A. System level Simulation Results
The first step in any delay-fault prediction technique is to identify the long delay paths to be monitored. These refer to the critical paths of the circuit under consideration, in addition to all long delay paths that may cause timing errors due to ageing and process variation induced delay degradation. In this example, four paths from the PCPs were selected after the timing analysis for a 32-bit pipelined MIPS in a 65nm technology. The PCC was used to monitor the 4 PCPs simultaneously for verification and evaluation. and reg_d are the data which is stored in the register files. As the figure shows, transitions occur in the first, third, fourth, fifth, sixth and eighth clock cycle. Those transitions can be divided into three categories (I), (II) and (III).
(I) The PCPs were asserted in the first, third, sixth and eighth clock cycles which triggers the late transitions at monitoring points a, b, c and d, respectively. The error signals are generated when the transitions are detected by the PCC without an actual error.
(II) In the fourth clock cycle, a transition is triggered at monitoring point c by a short path. The error signal is not triggered as the data settles before the detection window.
(III) The pulse signals on monitoring points b and c in the fourth and the fifth clock cycles occur due to the competition risk between logic circuits. The the error signal is not triggered as the pulse signals occur before the detection window.

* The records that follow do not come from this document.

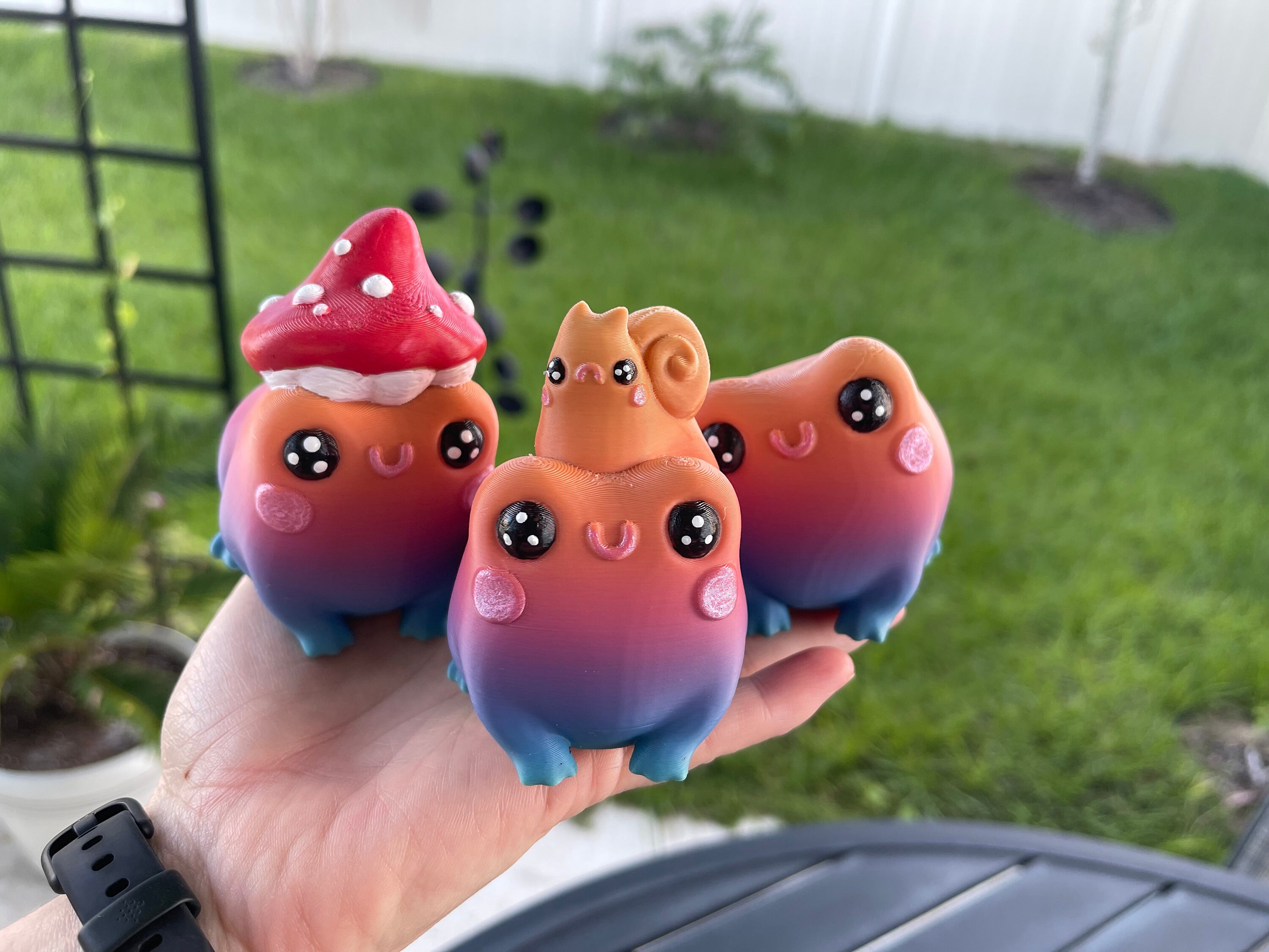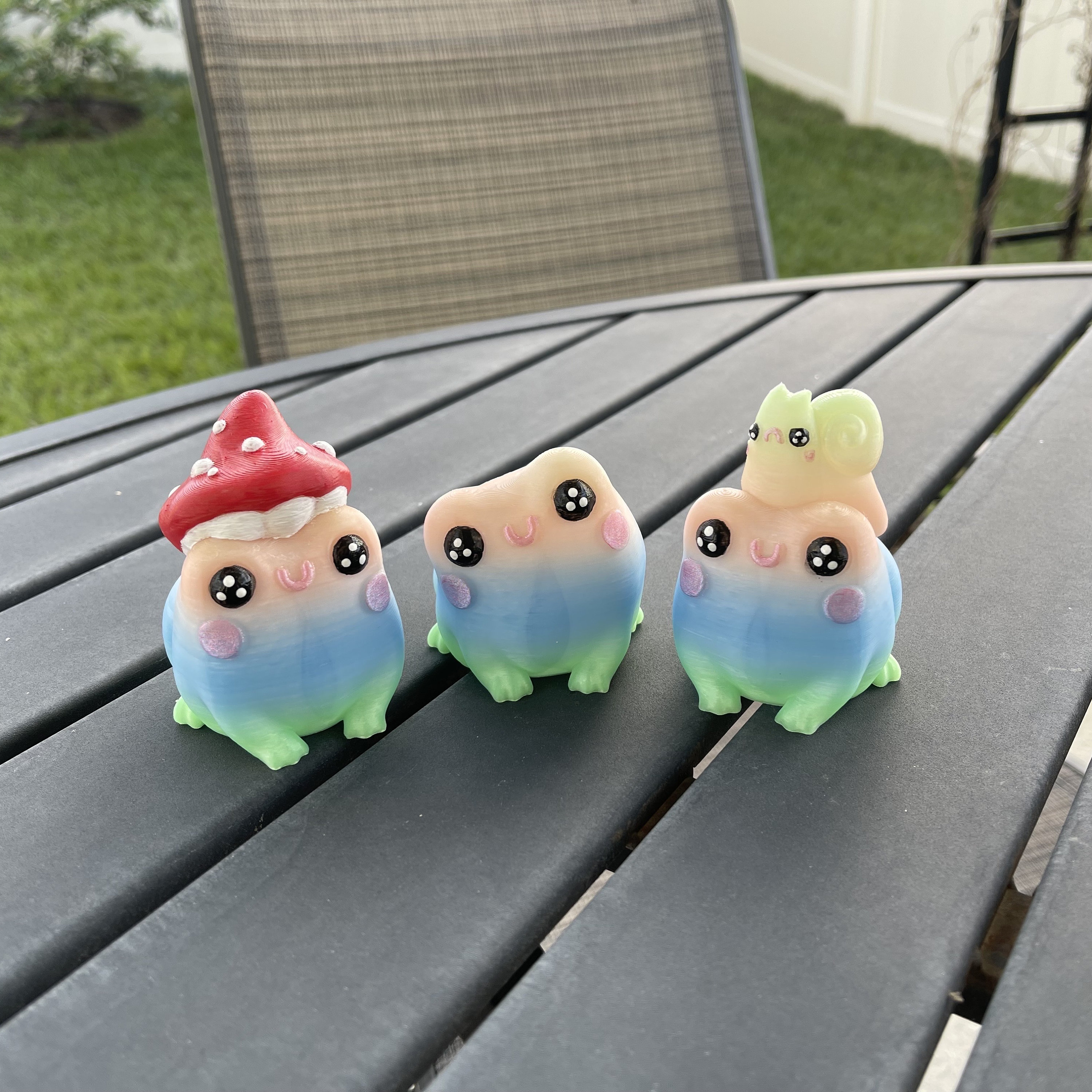 ✨Cute 3D Print Butt Frogs,one has a tilted head, one has a mushroom hat and the other a snail. All 3 are hand painted.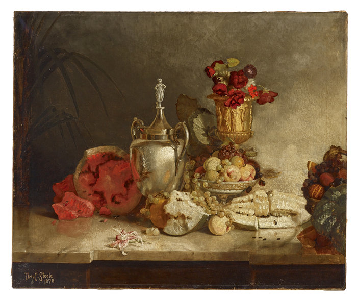 简介: 西奥多·克莱门特·斯蒂尔(Theodore Clement Steele,美国,1847-1926 年)-水果和瓮的静物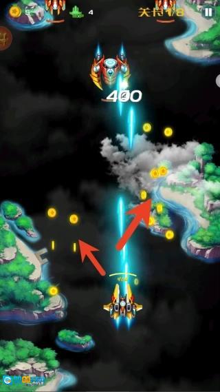 3、在成功击败敌机之后,记得收集其掉落的金币和能量道具,这些物品可以用来提升战机的攻击力、射速,或者解锁大招以增强瞬时输出能力。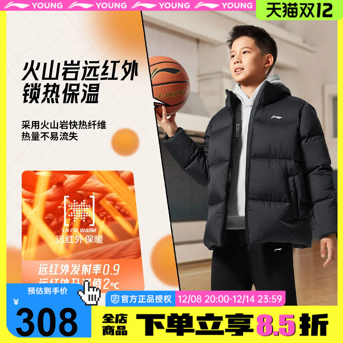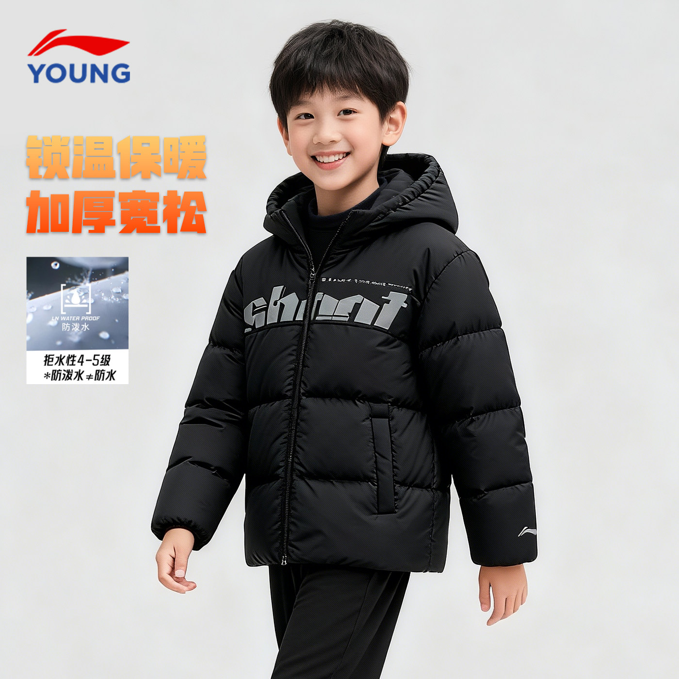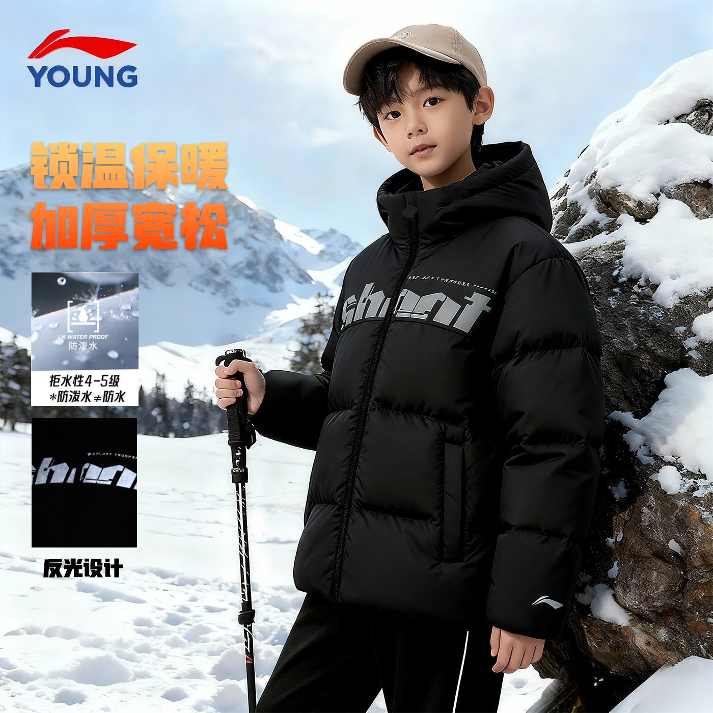 李宁儿童羽绒服男童2025秋冬新款男女大童防泼水加厚保暖冬装外套

B. Area and Power Overheads Comparison
To compare the area overhead of the proposed design PCC with Canary FF, we have considered a 32-bit pipelined MIPS. The PCC and Canary FF are designed by using exactly the same double sampling circuitry with the same width of detection window to produce an equitable comparison. The PCC and Canary FF were applied to monitor the same group of PCPs. The power and area overheads were estimated from Design Compiler using a 65 nm technology. 5 shows the trends of area and power overheads for 4, 6 and 9 path monitoring when Canary and PCC were applied to the MIPS respectively at the highest operating frequency (800 MHz) with 1.05V supply voltage. As the Fig.5  (a) shows, the area overhead of PCC is generally smaller than that of the Canary FF. Compared with Canary FF, the growth in area overhead is more than 6 times slower when the PCC was applied to the MIPS. The PCC has a higher power overhead compared with the Canary FF when fewer than 6 paths are monitored, shown in Fig. 5 (b) . This is due to the dynamic power overhead produced by the matched delay element, as the matched delay element is connected to the clock signal. However, the power overhead of Canary might be underestimated as Canary FF will require more clock buffers after place and route. PCC saves two-thirds area overhead and one-third power overhead compared with Canary FF when PCC monitors 9 paths simultaneously.
V. CONCLUSIONS AND FUTURE WORK In this paper, we have a new delay-fault prediction circuitry, named PCC. PCC is a multiple delay-fault predictor which improves the cost and energy efficiency. Compared with Canary FF, PCC saves two-thirds and one-third of area and power overheads respectively in a 32-bit MIPS. The design was implemented and verified in a 32-bit MIPS in a 65 nm technology. Future research will focus on the full PCC implementation for a DVFS system on a high-performance processor.